Manual para profesores 'cuchilla'

Daniel Samper Pizano

Cuantas veces me tentó el magisterio, deseché la idea de colocarme de profesor. Hay dos clases de educadores: los buenas personas, a los cuales los alumnos se la velan, y los cuchillas, unos ogros miserables que se hacen respetar a costa de que los odien a ellos y a sus señoras madres.

Con sólo mirarme al espejo yo sabía que mi mundo era el de los buenas personas, y por tanto iba a sufrir horrores dictando clase. Hace poco –tarde ya– encontré un libro que habría podido cambiarme la vida.

Se trata de Voy a pasar lista por orden cronológico, de Miguel Villarejo y Javier Serrano, que recoge frases absolutamente genuinas pronunciadas por grandes cuchillas del bachillerato: frases capaces de convertir a un maestro suave en Bin Laden.
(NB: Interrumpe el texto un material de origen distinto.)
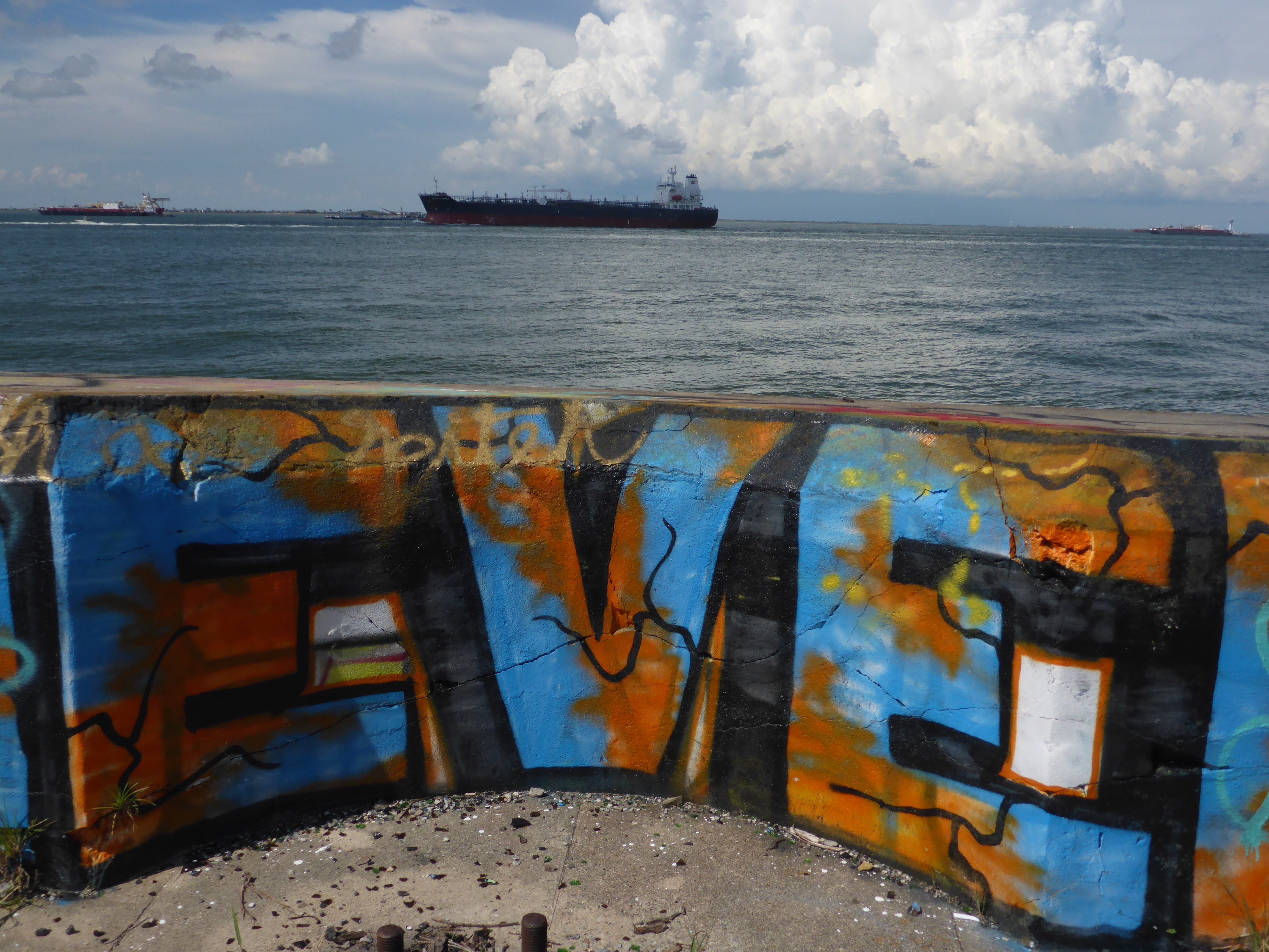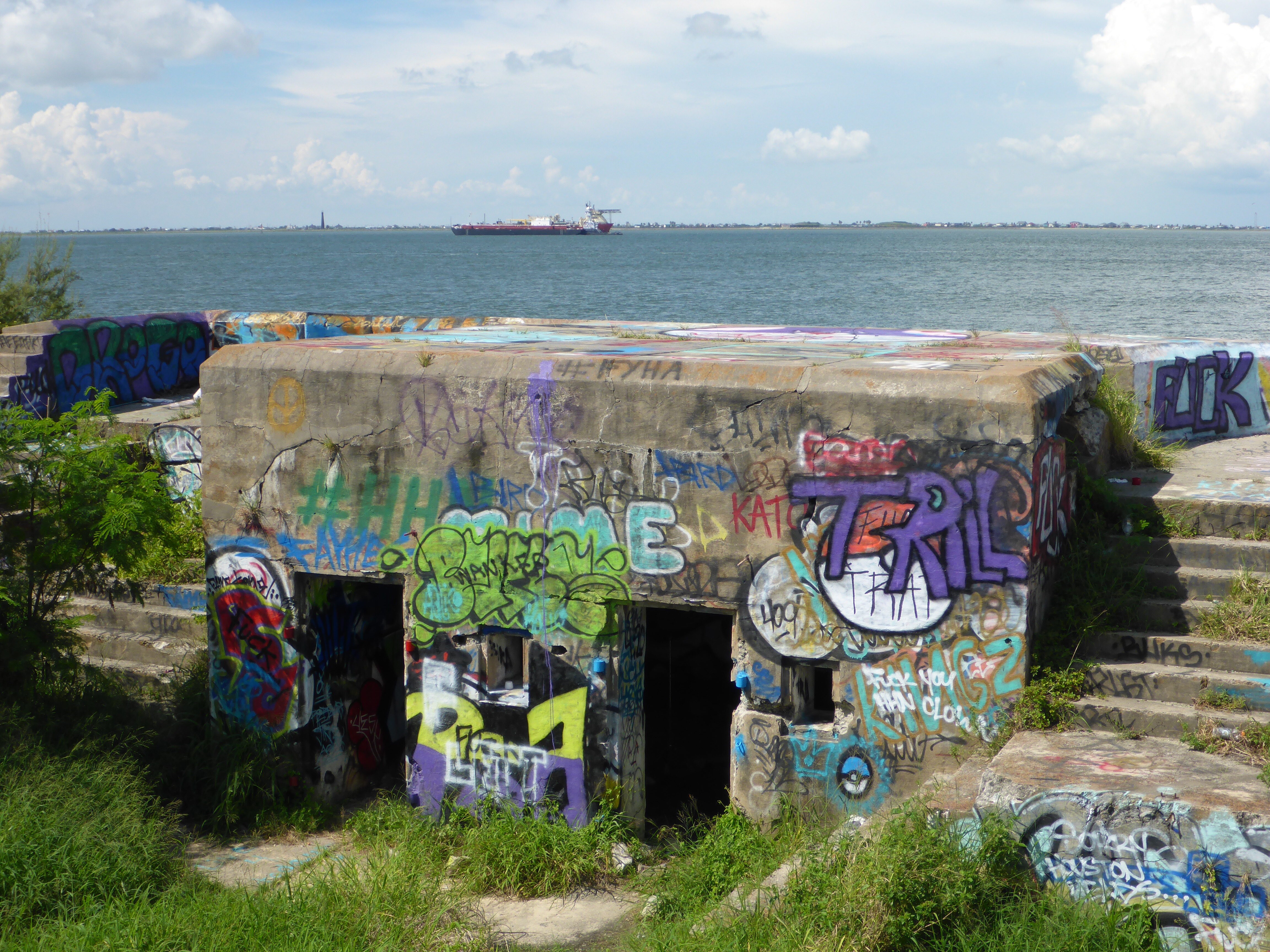 Fort San Jacinto Historic Site is a ruin of a defensive position located overlooking the Ship Channel. To get there, just take Seawall Blvd all the way to the end where you will find a parking lot with great views of the shipping lanes. There is an old gun emplacement right there in the parking area that you can climb on. For the brave, you can head down to the shore and scramble across the rocks for a long ways in the Galveston sunshine. Eventually, you will run across the ruins. I was hoping for cool graffiti, but found a lot of scary stuff instead. There were a few pieces I liked, but this is probably not a nice picnic spot despite the awesome views from on top of the old fort.
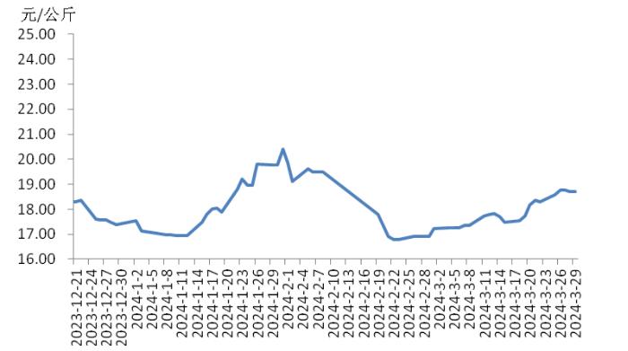 本周,四川豬肉周均價(jià)為每公斤19.24元,環(huán)比上漲1.5%,同比上漲5.9%,同比漲幅擴(kuò)大3.7個(gè)百分點(diǎn)。周前期,川內(nèi)散養(yǎng)戶出欄生豬的節(jié)奏較穩(wěn)定,但豬源外調(diào)出川的數(shù)量增多,使得川內(nèi)生豬及豬肉供應(yīng)偏緊,疊加豬肉經(jīng)銷商積極采購(gòu),推動(dòng)豬肉價(jià)格上漲。周后期,消費(fèi)市場(chǎng)對(duì)高價(jià)豬肉需求量減少,客戶訂單量減少,豬肉價(jià)格小幅回落??傮w看,本周四川地區(qū)豬肉周均價(jià)環(huán)比小幅上漲。
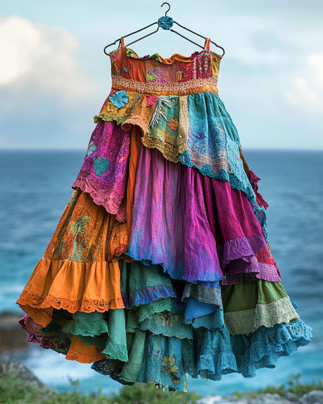 Summer colorful vacation patchwork contrast dress ce2e
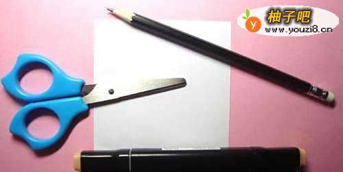 准备好,制作好吃的冰淇淋儿童剪纸手工的材料和工具,有白纸、正方形卡纸、马克笔、铅笔,剪刀,如下图所示。
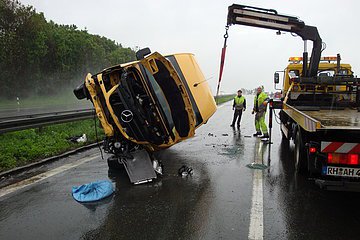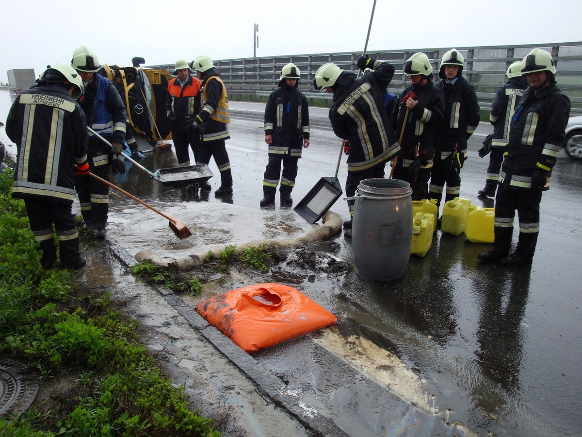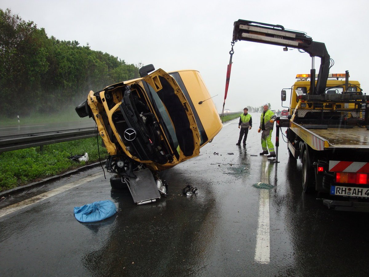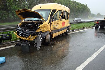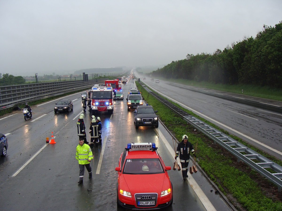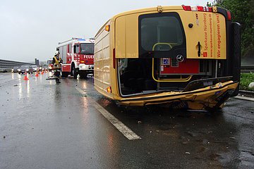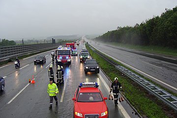 Am Donnerstagmorgen wurde die Feuerwehr Hilpoltstein zu einem Verkehrsunfall auf die A9 Richtung München, mit einer eingeklemmten Person, alarmiert. Ein Sprinter, der mit sieben Personen besetzt war, prallte gegen die rechte Schutzplanke, überschlug sich und kam auf der linken Fahrbahn seitlich zum Liegen. Bereits während der Anfahrt wurde durch die Polizei mitgeteilt, dass keine Person mehr eingeklemmt sei. Die Unfallstelle wurde abgesichert, auslaufendes Öl gebunden und die Fahrbahn gereinigt. Die Autobahn musste kurzzeitig komplett gesperrt werden, da Trümmerteile und Schotter auf allen drei Fahrbahnen verteilt waren.
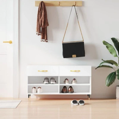 ManoManoGeneral description Store your shoes with this stylish and practical shoe bench. It is a perfect choice to keep your shoes organized. Technical specifications Colour: White Material: Engineered wood, iron Dimensions: 102 x 35 x 55 cm (W x D x H) Feet height: 10 cm Maximum weight capacity: 110 kg per seat Assembly required: Yes Usage The shoe bench features a sturdy top that allows you to sit comfortably while taking your shoes off or putting them on. It has 2 drawers and 4 shelves, providing ample space for your shoes and other small items. Other information Warning: To prevent it from being overturned, this product must be used with the provided wall attachment device.
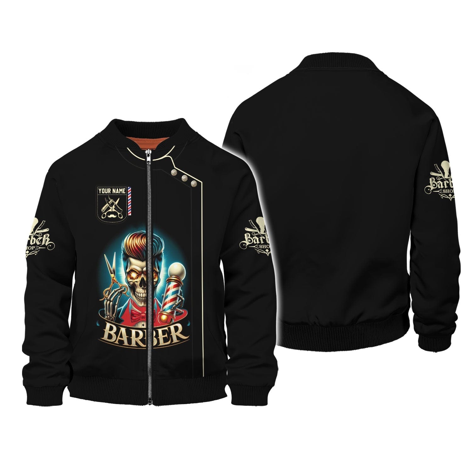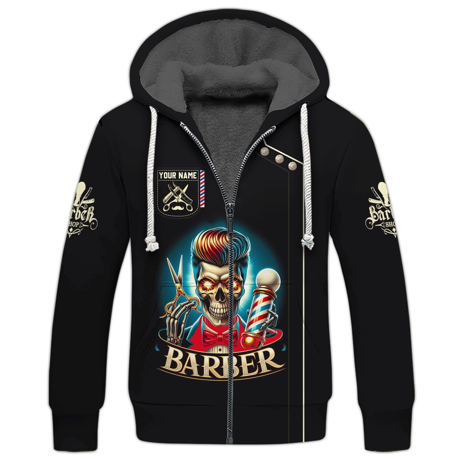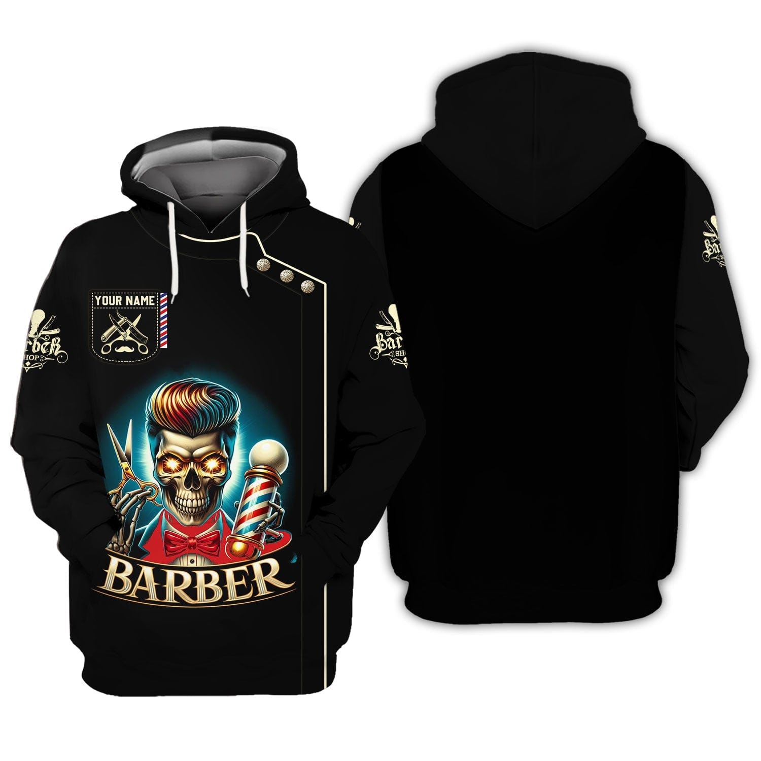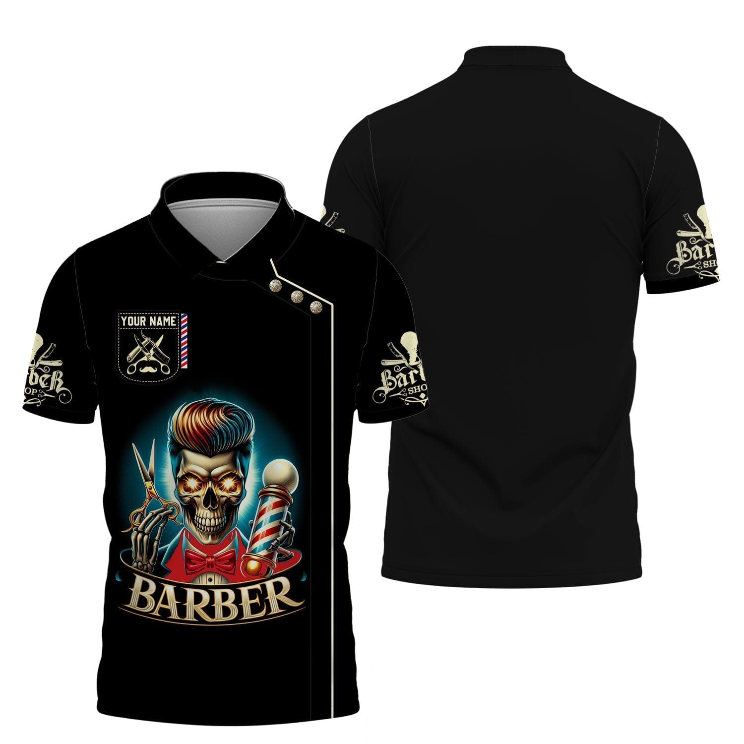 3D Full Print Skull Barber Shirt Personalized Name Gift For Barber Lovers, All Over Printed
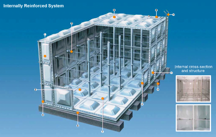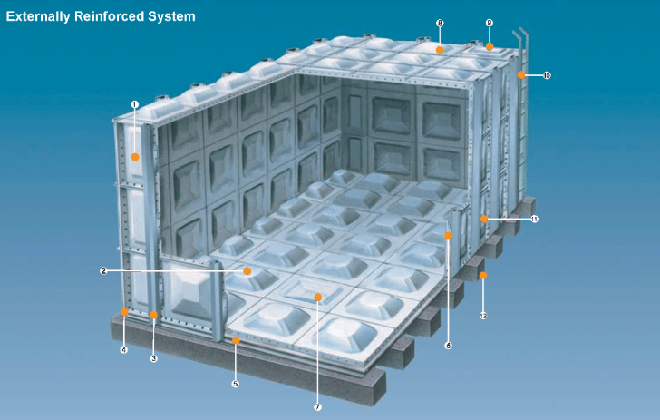 Bể lắp ghép GRP (hay còn gọi là bể chứa nước composite – bể composite ) được lắp ghép từ các tấm vật liệu Polyeste cường lực sợi thủy tinh (GRP). Ngày nay bể chứa nước lắp ghép GRP được sử dụng rộng rãi khắp nơi trên thế giới. Vật liệu này thay thế các vật liệu thông thường như bê tông, nhựa và thép.

Para los profesores buenas personas que quieran transformarse en émulos de Rasputín, copio –levemente adaptadas– algunos de los comentarios despectivos, crueles, provocadores que permiten construir un imperio del pánico y la humillación en clase.

“¡Cállense, que no necesito efectos especiales!”

“Y pensar, Pérez, que hasta ahora lo había considerado de la especie humana”.

“Ustedes no hacen la digestión: hacen la fotosíntesis”.

“Si pierden el examen, no se preocupen: lo bonito es participar”.

“El comportamiento de esta clase no es infantil: es fetal”.

“Como siga así, Fernández, el examen del ICFES lo va a presentar con canas”.

“Les advierto que los sistemas de tres, cuatro y cinco ecuaciones se pueden convertir en una tragedia griega”.

“A ver, señores, vamos a hablar de Enrique VIII. Escriban: una ve chiquita y tres palitos”.

“Para mañana quiero los ejercicios 1, 2, 3, 4, 5 y 6. En dos palabras: to-dos”.

“El examen que presentaron ayer estaba tan malo, señoritas, que la mejor nota fue fa”.

 “A ver, ¿cuál es la relación entre el comunismo platónico y el hegeliano? (Tras esperar un minuto sin obtener respuesta del alumno). Va bien, va bien: hasta ahora no ha cometido ningún error”.

“¿Les gustan los donuts? Muy bien: pues le voy a poner uno a cada uno en las notas de este mes”.

“Si el tablero pudiera, lloraría por las barbaridades que usted acaba de escribir”.

 “En el examen me da igual cómo pongan las tildes y las comas, con tal de que las pongan bien”.

“Voy a pedirle un favor, Martínez: si llega a la universidad, nunca diga que salió de este colegio”.

“Para concentrarse bien hay que poner cara de idiota. Muy bien, Zapata: lo logró”.

“Los burros estaban en peligro de extinción, pero ustedes están ayudando a perpetuar la especie”.

“A ver, López, cuando uno arruga la frente, o es que está en el baño o es que no entendió nada”.

“¿Qué creen, que llueve por casualidad? No. Llueve porque hoy tengo que explicarles a Descartes”.

 “Esta fórmula matemática no la voy a demostrar. Este es un colegio de curas y esta fórmula es verdad de fe, así que mejor la creen”.

“Pero, señorita, las tildes tienen derecho a la vida, como todos”.

 “El hombre es resultado de su madre y el bachillerato”.

 “Cuando yo tenía su edad, compraba dibujitos con esculturas griegas y por la tarde traducía La Ilíada”.

“Voy a averiguar qué problemas jurídicos trae pegarle a un alumno con un pupitre en la cabeza”.